:: Supplied data ::

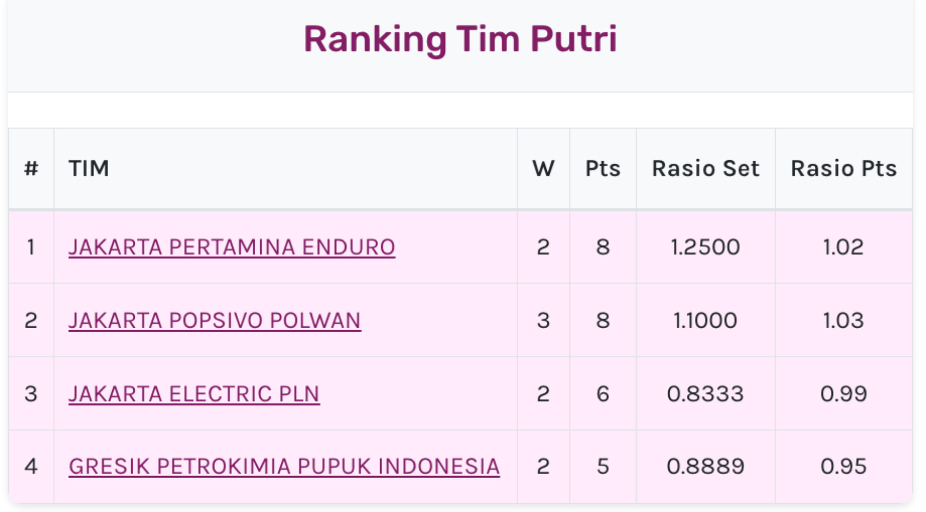 Klasemen Sementara Final Four Proliga 2025 Putri
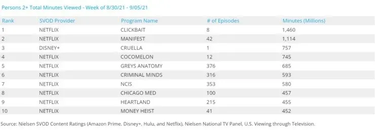 El Top 3 lo completa Cruella, siendo lo más elegido de Disney+ al estar disponible sin cargo adicional, con 757 millones de minutos reproducidos. El resto del ranking es todo de Netflix: Cocomelon (745 M), Grey’s Anatomy (685 M), Criminal Minds (593 M), NCIS (580 M), Chicago MED (457 M), Heartland (455 M) y La Casa de Papel (452 M).
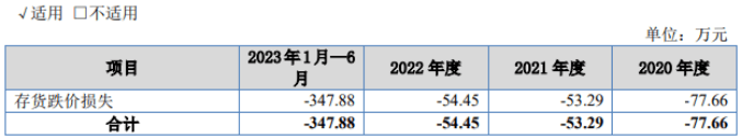 报告期内,公司存货跌价损失分别为-77.66万元、-53.29万元、-54.45万元、-347.88万元。
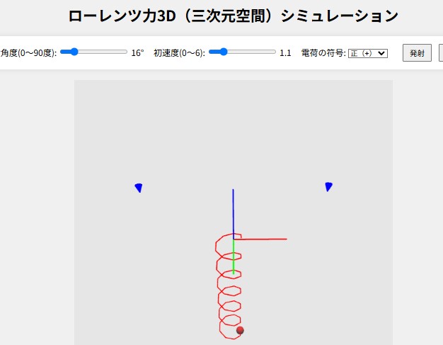 三次元空間でのローレンツ力のシミュレーションをブラウザ上で行い、円運動や螺旋運動が観察できるサイトツールです。初速や発射角度を調整できます。
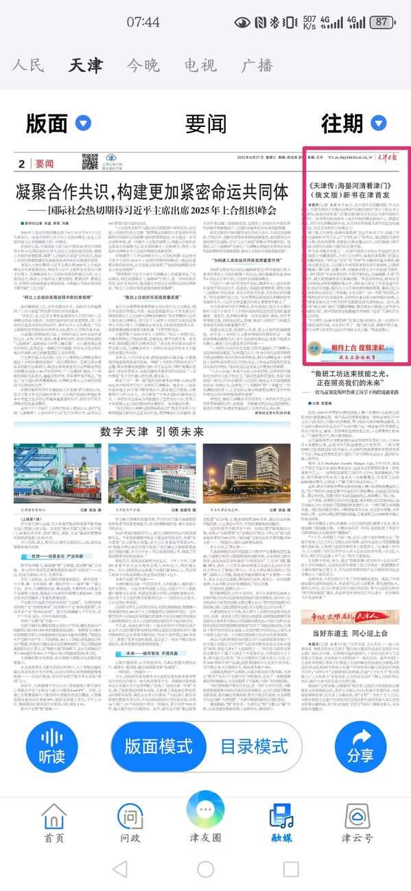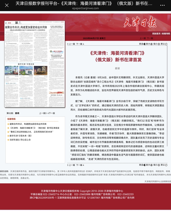 津云客户端报道《天津传:海晏河清看津门》(俄文版)新书在津首发
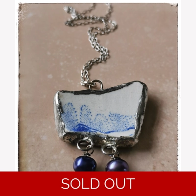 Scottish beach pottery encased in a frame of lead free silver solder.
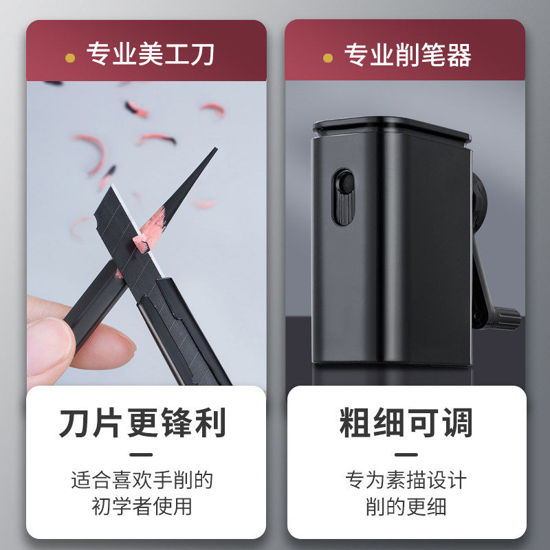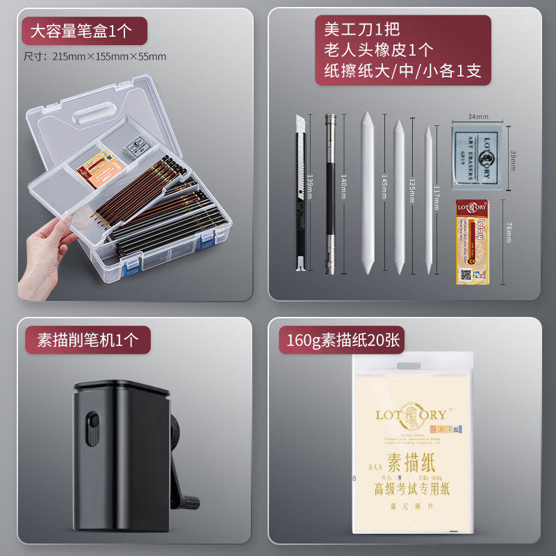 老人头素描工具套装 美术生专用2b绘画工具全套铅笔炭笔素描笔品画画必备笔帘初学者4b2比速写8b入门专业
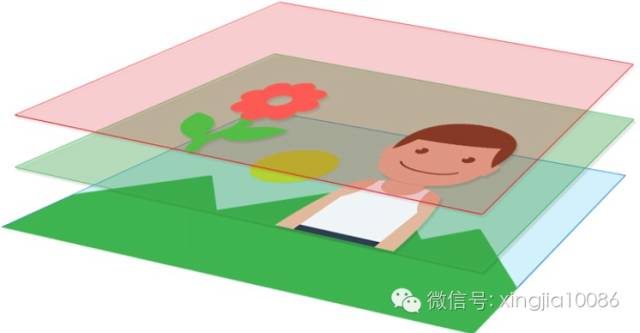 e.g 摄像机捕捉人的影像,覆盖在背景上(山和太阳),前景(花)覆盖人和背景上。
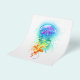 Grande méduse irisée, artistiquement dessinée, brillante, avec de longues tentacules sur le blanc, peinte sur l'arrière - plan multicolore. Méduse arc-en-ciel.
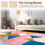 Ultra Soft Area Rug, Non Slip, Stain Resistant, Washable Area Rugs for Living Room, Bedroom, Colorful Modern Symmetrical Design(Pink) Overview:

:: Problem statement ::
Leave out the images and write out the lines above exactly, from the one with "报告期内,公司存货跌价损失分" up to and including the one with "Grande méduse irisée, artistiquement".

:: Output for this exercise ::
 报告期内,公司存货跌价损失分别为-77.66万元、-53.29万元、-54.45万元、-347.88万元。
 三次元空間でのローレンツ力のシミュレーションをブラウザ上で行い、円運動や螺旋運動が観察できるサイトツールです。初速や発射角度を調整できます。
 津云客户端报道《天津传:海晏河清看津门》(俄文版)新书在津首发
 Scottish beach pottery encased in a frame of lead free silver solder.
 老人头素描工具套装 美术生专用2b绘画工具全套铅笔炭笔素描笔品画画必备笔帘初学者4b2比速写8b入门专业
 e.g 摄像机捕捉人的影像,覆盖在背景上(山和太阳),前景(花)覆盖人和背景上。
 Grande méduse irisée, artistiquement dessinée, brillante, avec de longues tentacules sur le blanc, peinte sur l'arrière - plan multicolore. Méduse arc-en-ciel.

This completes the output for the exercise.